清水建設は26日、沿岸部で20メートル級の大津波に襲われても、人命を守り、建物の損傷を最小限に抑え、事業も継続できる津波避難ビル「アーチ・シェルター」を開発したと発表した。外観は楕円(だえん)の筒状構造で、建物が受ける波力を小さくし、大津波に耐える強度を持たせた。最大でビル入居者と避難者2400人の人命を守れるという。

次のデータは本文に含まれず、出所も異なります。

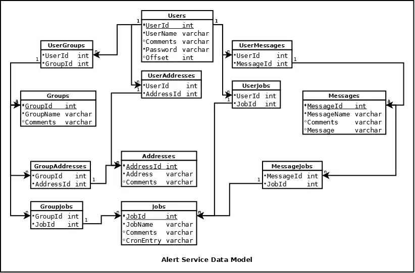 The diagram below shows all Alert Service tables.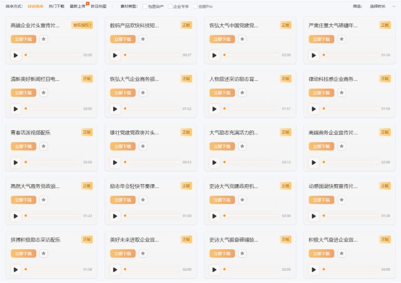 这个是我的私藏!专注配乐和BGM,分类特别符合国内创作场景。搜“治愈Vlog”或“国潮宣传”,出来的结果精准得惊人。很多音乐提供完整版和循环版,对剪辑新手太友好了。同样关注商用授权,很多素材标注了“企业商用授权”,用起来安心。

同ビルは7階建てで、楕円の筒状の外壁と、内部に免震性能を持つビルを組み合わせた二重構造。津波と地震の双方に対応できるように工夫されている。
建設費用は、同規模の通常のビルと比べ約1.5~2倍かかる見込みだが、ビルの損傷が最小限で済むため、改修費用を抑えられるなどのメリットが期待できる。
このため、沿岸地域で、主に防災拠点となる事務所や医療施設、役所などの公共施設向けに提案していく。また、円墳状で震災がれきなどを活用できる避難場所「グリーン・マウンド」を先行開発しており、2つの建設技術を組み合わせた提案も行う方針だ。
同社によると、全国に約4000棟ある津波避難ビルのうち、地震強度が不明なビルが2割を占める。アーチ・シェルターの開発は、津波避難ビルの適切なあり方を問う意味も持たせたという。